Folded Binary Code in Voice PCM | Generated by AI
Question: In a PCM system, the 3-bit natural binary and 3-bit folded binary encoding rules are shown in Table 31. Fill in the values at positions ①, ②, ③, and ④. List the characteristics of folded binary coding, and analyze why folded binary code is mostly used in voice signal PCM systems.
Answer:
Part 1: Filling in the Encoding Table
The standard 3-bit encoding table for PCM is as follows:
| Quantization Level | Signal Polarity | Natural Binary Code | Folded Binary Code |
|---|---|---|---|
| +3 | Positive | 111 | ① 111 |
| +2 | Positive | 110 | ② 101 |
| +1 | Positive | 101 | 110 |
| 0+ | Positive | 100 | 100 |
| 0− | Negative | 011 | 000 |
| −1 | Negative | 010 | ③ 001 |
| −2 | Negative | 001 | ④ 011 |
| −3 | Negative | 000 | 010 |
Answers:
- ① =
111 - ② =
101 - ③ =
001 - ④ =
011
Part 2: Characteristics of Folded Binary Code
The folded binary code uses the leftmost (most significant) bit as a sign/polarity bit (1 = positive, 0 = negative), and the remaining bits represent magnitude. Its key characteristics are:
1. The MSB is the polarity bit; codes are mirror-symmetric around zero. The code table is “folded” symmetrically around the zero level. If the negative codes were folded over on top of the positive codes, they would match perfectly — hence the name “folded binary.”
2. Signals with the same absolute value (but opposite polarity) share the same magnitude bits. The folded binary code (FBC) uses the MSB as a sign bit, and then counts out from the origin in both the positive and negative directions with the remaining bits. Codewords equidistant from the origin are identical (except for the sign bit). This means the encoder can apply the same quantization process to both positive and negative signals with equal magnitude.
3. Bit errors in small signals have a smaller impact.

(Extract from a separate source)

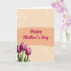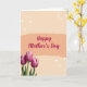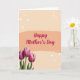 Designed with a tender Mother’s Day theme, this card centers on the words “Happy Mother’s Day” in warm fuchsia lettering that gently draws the eye ❤️. The text sits across the middle of a calm two-tone background, starting as a light peach-beige wash and rising into a deeper peach curve along the top edge. A soft glow spreads across the scene, with small, hazy light orbs drifting over the lighter area like quiet confetti. In the lower-left corner, three tulip-like flowers appear cropped as if part of a larger bouquet leaning in close, adding a sweet, caring feel to the layout 🌼. Their petals are deep fuchsia with crisp white edging, giving each bloom a delicate striped look that feels lovingly tended. Slender green stems and broad leaves angle upward, balancing the warm background tones and guiding attention back toward the central greeting. The upper area remains open and airy, while the bottom-left blooms anchor the composition with fuchsia-and-white petals against emerald greenery.

Because small signals are encoded near the zero boundary (low magnitude bits), a single-bit error in a small-signal codeword shifts the decoded value by only a small amount — the impact is minor compared to a bit error in a large-signal codeword.
Part 3: Why Folded Binary Code is Used in Voice PCM Systems
The two reasons work together:
Reason 1: Voice signals have a high probability of being small-amplitude signals. In real telephone and voice communications, the signal amplitude is low most of the time. Large amplitude excursions (loud sounds) occur much less frequently than small-amplitude signals (quiet speech, pauses, and background). Statistically, voice signals concentrate near zero level.

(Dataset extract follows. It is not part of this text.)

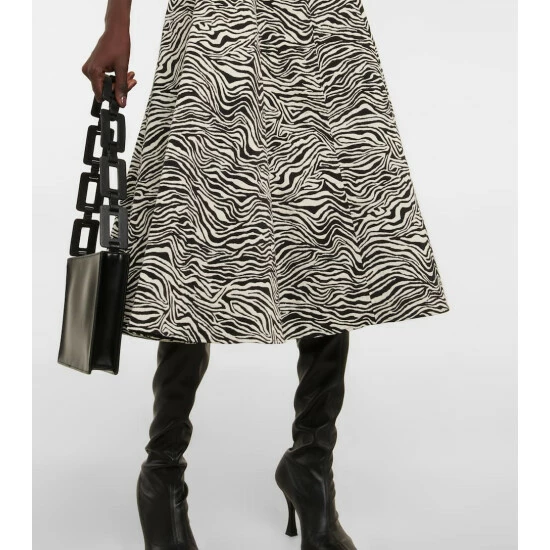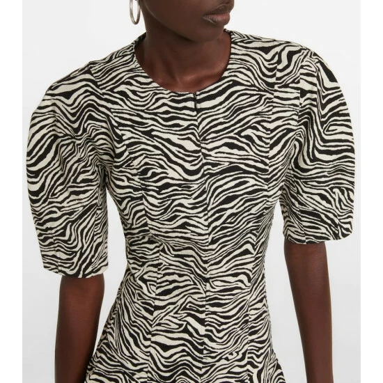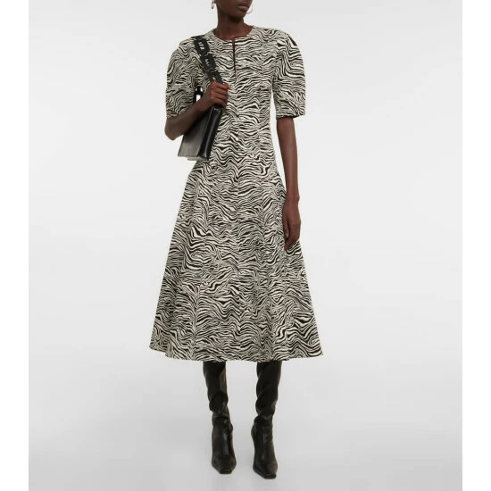 Bring some boldness into your wardrobe with this zebra-striped jacquard midi dress from Proenza Schouler. Cut to an A-line silhouette, the crewneck style has short puff sleeves and a concealed center-front zipper.

Reason 2: Folded binary code minimizes the impact of bit errors on small signals. With a folded binary code, adjacent quantization levels near zero differ by only one bit in the magnitude portion. Therefore, when a transmission error (bit flip) occurs in the lower magnitude bits — which correspond to small signals — the decoded error is small and the perceptual degradation to voice quality is minimal.
Combined effect: Since voice signals are predominantly small in amplitude, and folded binary code protects small signals most effectively against bit errors, using folded binary coding in voice PCM systems results in significantly better perceived audio quality under noisy channel conditions compared to natural binary coding.
In summary: folded binary code is preferred because it matches the statistical nature of voice (mostly small amplitudes) with robust error resilience exactly where it matters most — near zero signal levels.